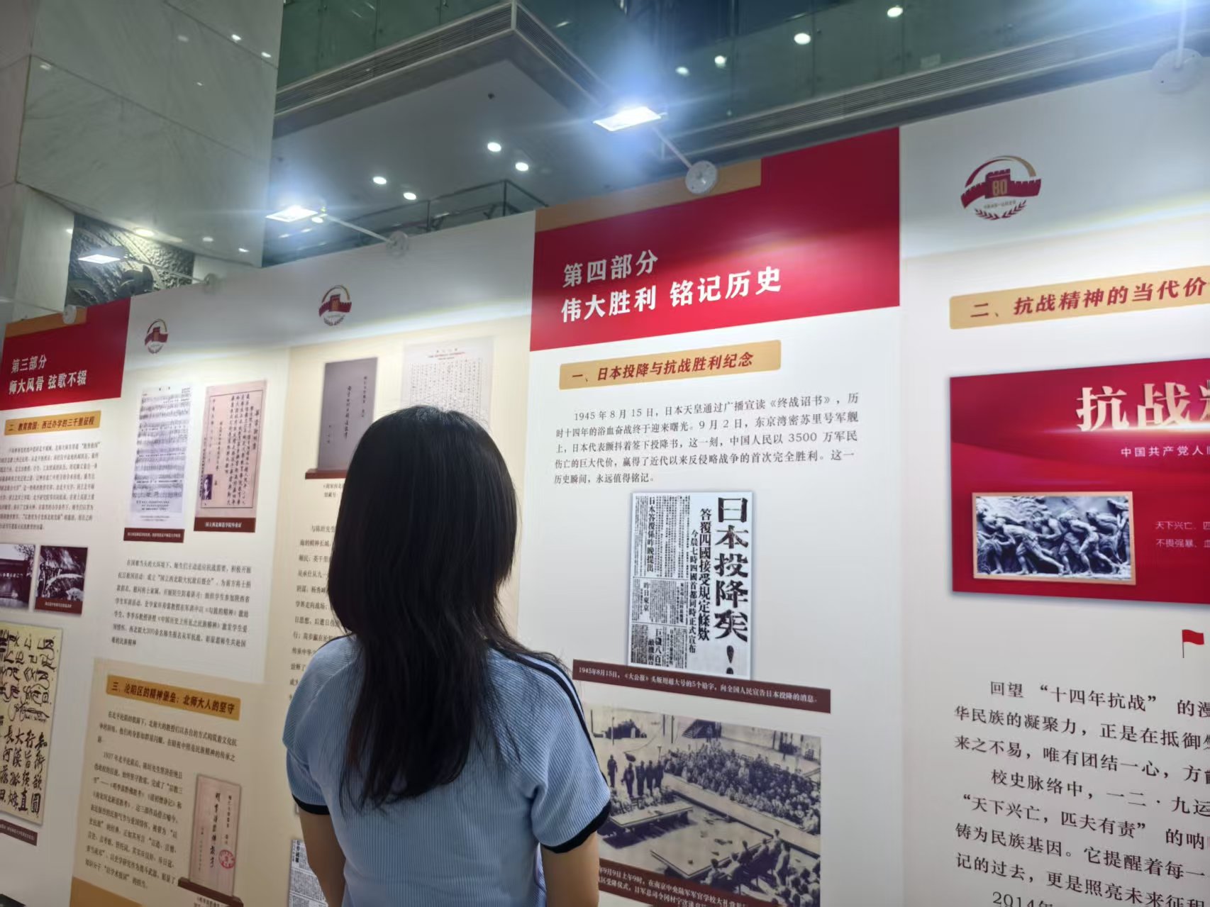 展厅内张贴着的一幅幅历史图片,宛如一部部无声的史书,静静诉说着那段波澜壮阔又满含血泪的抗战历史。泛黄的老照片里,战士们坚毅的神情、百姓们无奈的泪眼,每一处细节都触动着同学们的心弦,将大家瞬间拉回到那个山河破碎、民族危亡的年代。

==

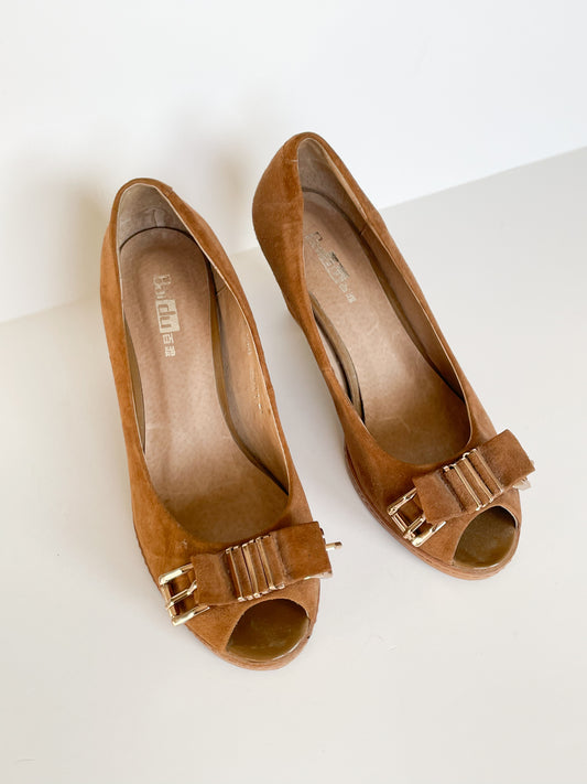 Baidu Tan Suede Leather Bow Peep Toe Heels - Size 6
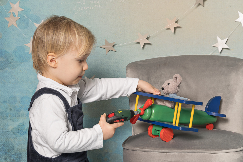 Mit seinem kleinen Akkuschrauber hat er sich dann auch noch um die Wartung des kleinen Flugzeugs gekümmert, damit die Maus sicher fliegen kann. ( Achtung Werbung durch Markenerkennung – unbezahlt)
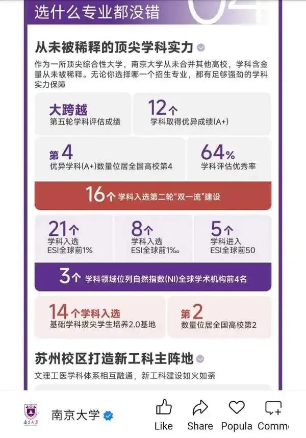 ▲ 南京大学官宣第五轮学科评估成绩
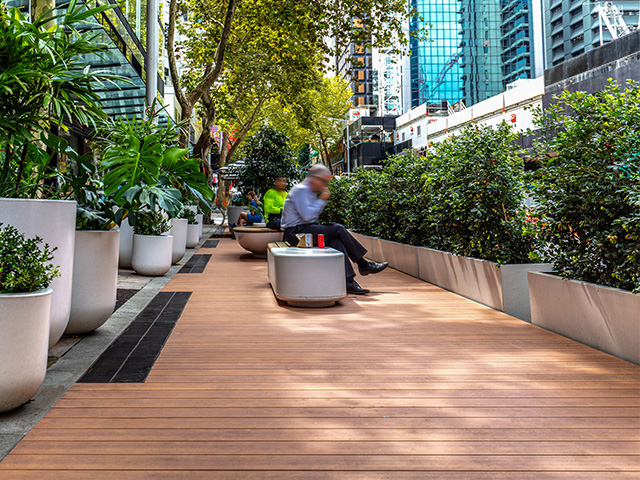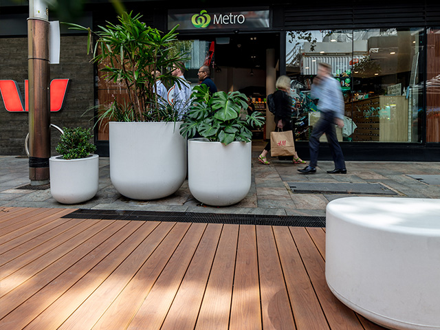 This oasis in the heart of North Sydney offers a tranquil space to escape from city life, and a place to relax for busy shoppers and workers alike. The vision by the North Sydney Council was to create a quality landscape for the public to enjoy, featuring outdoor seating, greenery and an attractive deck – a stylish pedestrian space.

### Work order
For the material above, give again only the lines starting at the line that contains "Baidu Tan Suede" and ending at the line that contains "This oasis in". Pictures do not belong in the copy.

### Result for this task
 Baidu Tan Suede Leather Bow Peep Toe Heels - Size 6
 Mit seinem kleinen Akkuschrauber hat er sich dann auch noch um die Wartung des kleinen Flugzeugs gekümmert, damit die Maus sicher fliegen kann. ( Achtung Werbung durch Markenerkennung – unbezahlt)
 ▲ 南京大学官宣第五轮学科评估成绩
 This oasis in the heart of North Sydney offers a tranquil space to escape from city life, and a place to relax for busy shoppers and workers alike. The vision by the North Sydney Council was to create a quality landscape for the public to enjoy, featuring outdoor seating, greenery and an attractive deck – a stylish pedestrian space.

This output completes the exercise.